Introduction

Welcome to the world of fascia!

This book is the first comprehensive text in a new field in musculoskeletal therapy and research: the fascinating world of fascia. Fascia forms a continuous tensional network throughout the human body, covering and connecting every single organ, every muscle, and even every nerve or tiny muscle fiber. After several decades of severe neglect, this “Cinderella of orthopedic science” is developing its own identity within medical research. The number of research papers on fascia in peer-reviewed journals has shown a steady rise. The first International Fascia Research Congress, held at the Conference Center, Harvard Medical School in October 2007 was followed by a second in Amsterdam in 2009 and there will shortly be a third in Vancouver in 2012. Similar to the rapidly growing field of glia research in neurology, this underestimated contextual tissue, fascia, is being found to play an important role in health and pathology.

Hypotheses which accord myofascia a central role in the mechanisms of therapies have been advanced for some time in the fields of acupuncture, massage, structural integration, chiropractic and osteopathy. Practitioners in these disciplines, especially those which do not have the longevity of osteopathy or chiropractic, are generally unaware of the scientific basis for evaluating such hypotheses. Many practitioners are unaware of the sophistication of current laboratory research equipment and methods. Laboratory researchers, in turn, may be unaware of the clinical phenomena which suggest avenues of exploration. Thirty years ago the study of physical medicine and rehabilitation included muscle strengthening, anatomy, exercise physiology, and other aspects of therapeutic modalities.

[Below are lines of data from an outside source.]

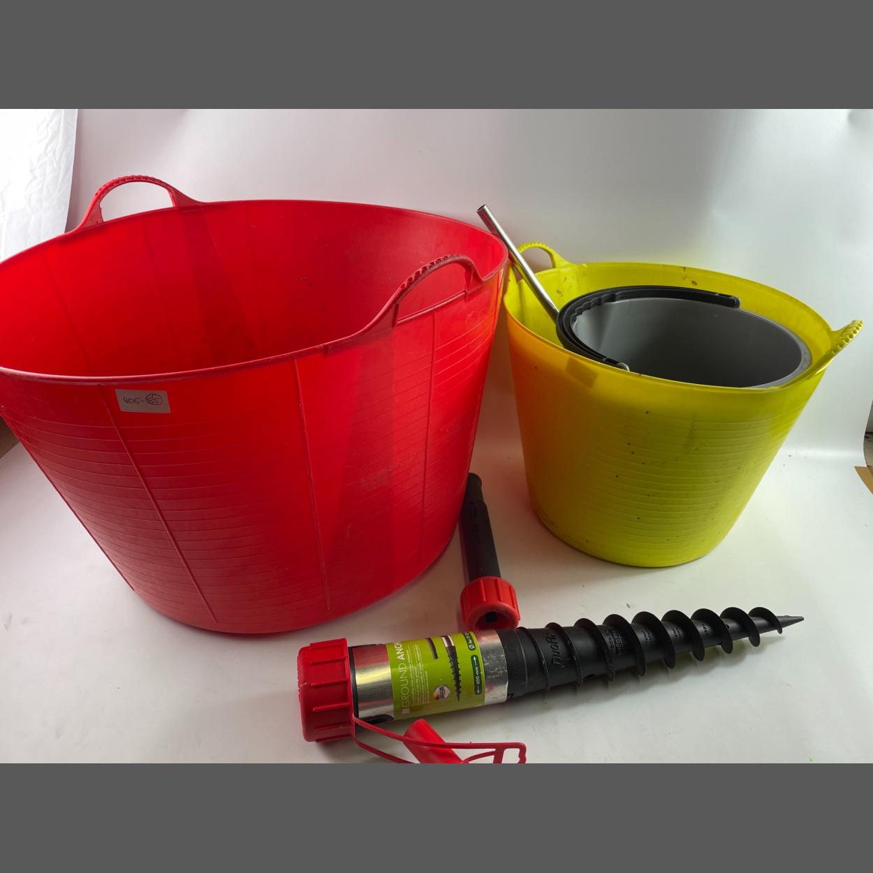 The DOMESTIC LOT - a gound anchor for rotary clotheslines etc, a bucket and 2 FLEXI TUBS 1@ 35cm approx, the other 65cm approx.
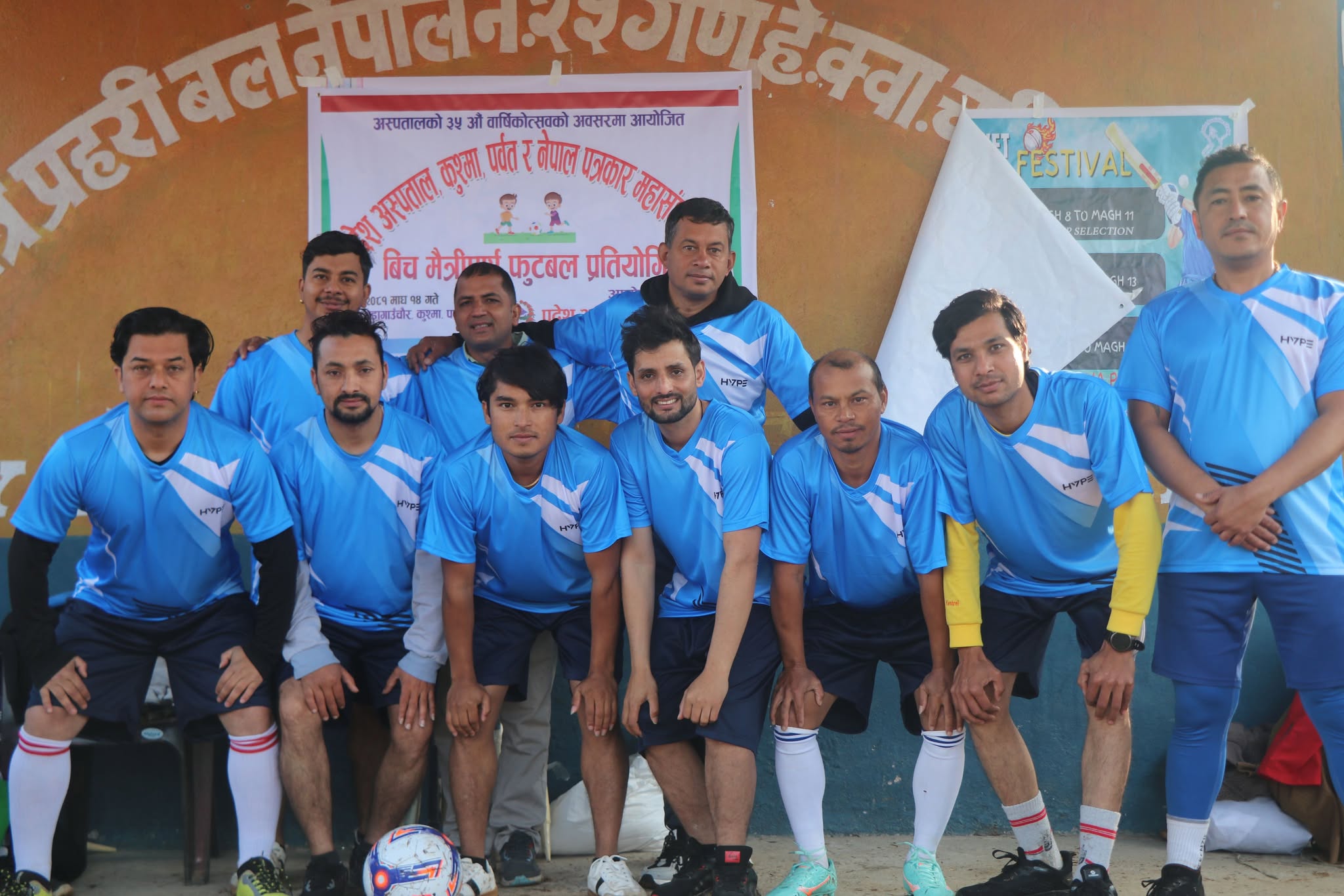 पर्वत। पर्वत अस्पताल र नेपाल पत्रकार महासंघबीच मैत्रीपुर्ण फुटबल प्रतियोगिता सोमवार कुश्मामा सम्पन्न भएको छ । प्रदेश अस्पताल पर्वतको ३५ औँ बार्षिकोत्सवको अवसरमा आयोजित प्रतियोगितामा नेपाल पत्रकार महासंघ पर्वत शाखा बिजयी बनेको छ ।
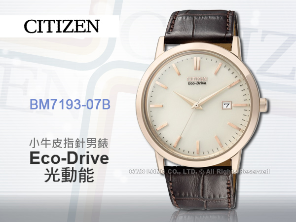 BM7193-07B CITIZEN 光動能男錶 皮革錶帶 白色錶面 水晶玻璃鏡面 日期顯示
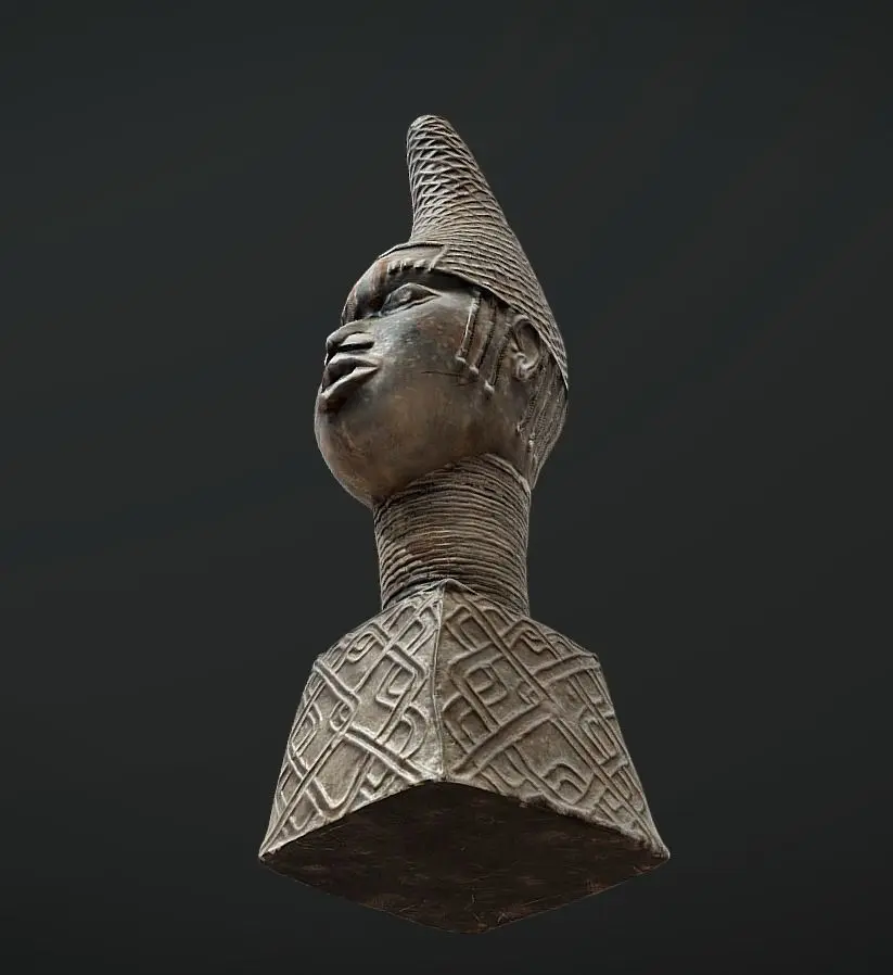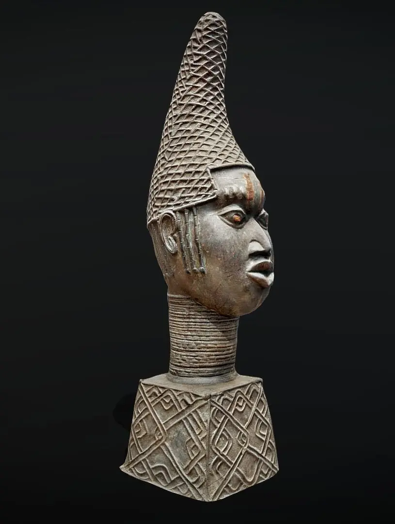 Commemorative Queen Mother Head Unique bronze cast Edo Queens head. It commemorates Queen Idia, the mother of Oba Esigie, who reigned between 1504 and 1550. She earned her own palace as a reward for utilizing her mystical powers to secure victory in Benin’s war against the Igala people. The bronze head showcases a naturalistic, almost life-size portrayal of Queen Idia with an elegant conical hairstyle adorned with an intricate openwork coral bead net. Long strands of coral beads drape gracefully at the sides and back, while she wears a high coral bead collar. Notably, there are two vertical marks on her forehead originally inset withron and four scarification marks above each eye. The pupils are beautifully inlaid with iron. Overall, this exceptional sculpture captures the regal essence of Queen Idia, commemorating her pivotal role in Benin’s history and her remarkable accomplishments during her son’s reign.
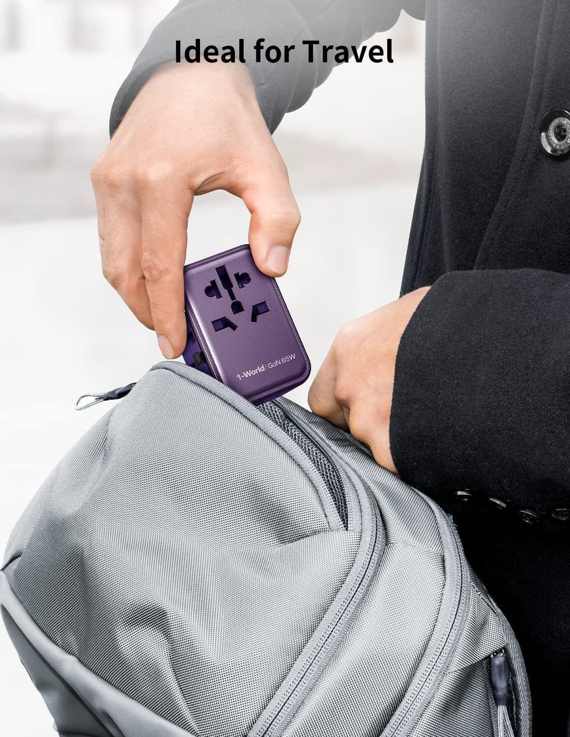 MOMAX Universal Travel Adapter, 70W GaN Travel Plug Adapter with UK,EU,AU,US Plugs, 3USB-C PD & 2USB-A QC International Adapter Charger, International Adapter for Laptops Phones Vision Pro, Purple
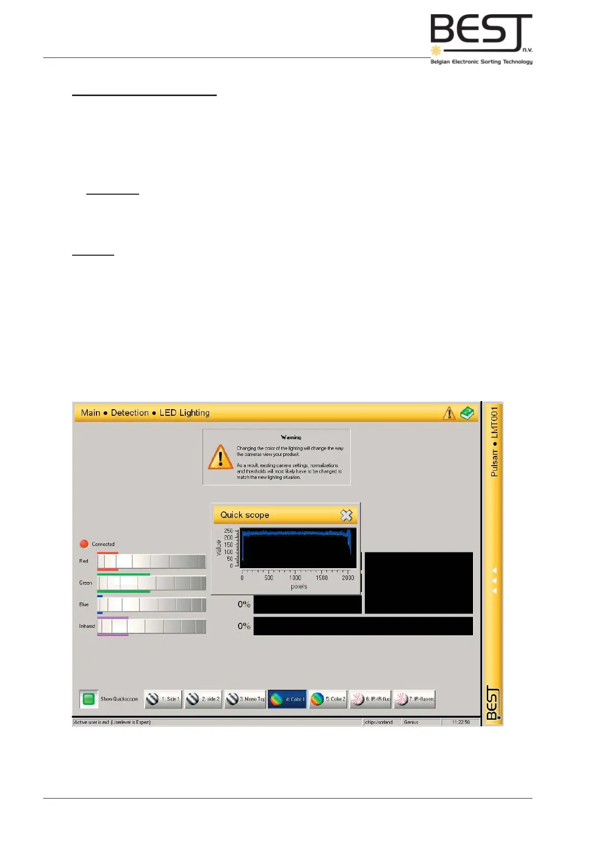 This menu contains all options and functions to set the LED lighting (only active if LED lighting option is
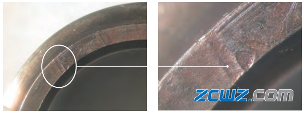 轴承外圈颜色正常,未见高温现象,滚道粘附大量油脂垢,清洗后可见滚道形状基本完整,未见剥落和明显磨损,靠非打字面沟边存在明显卷边现象,仔细观察,滚道接触轨迹偏向非打字面一侧,见图 5、图 6。
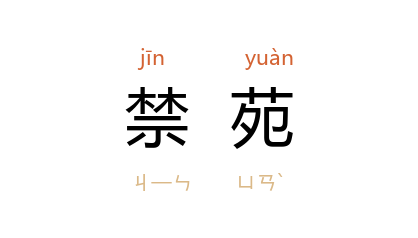 ⒈ 帝王的苑囿、林园。

What was notably less present in the scientific and medical literature was how to understand and treat disorders of the fascia and connective tissues. Since then much additional information has been developed, particularly since 2005 (see Fig. 0.1).

The purpose of this book is to organize relevant information for scientists involved in the research of the body's connective tissue matrix (fascia) as well as for professionals involved in the therapeutic manipulation of this body wide structural fabric. While it grew out of materials presented at the First and the Second International Fascia Research Congresses in 2007 and 2009 (www.fasciacongress.org), it reflects the efforts of almost 100 scientists and clinicians.

Not only a packing organ

As every medical student knows and every doctor still remembers, fascia is introduced in anatomy dissection courses as the white packing stuff that one first needs to clean off, in order “to see something”. Similarly, anatomy books have been competing with each other, in how clean and orderly they present the locomotor system, by cutting away the whitish or semitranslucent fascia as completely and skillfully as possible. Students appreciate these appealing graphic simplifications, with shiny red muscles, each attaching to specific skeletal points. However, these simplified maps do not fully describe how the real body feels and behaves, be it in medical surgery or during therapeutic palpation.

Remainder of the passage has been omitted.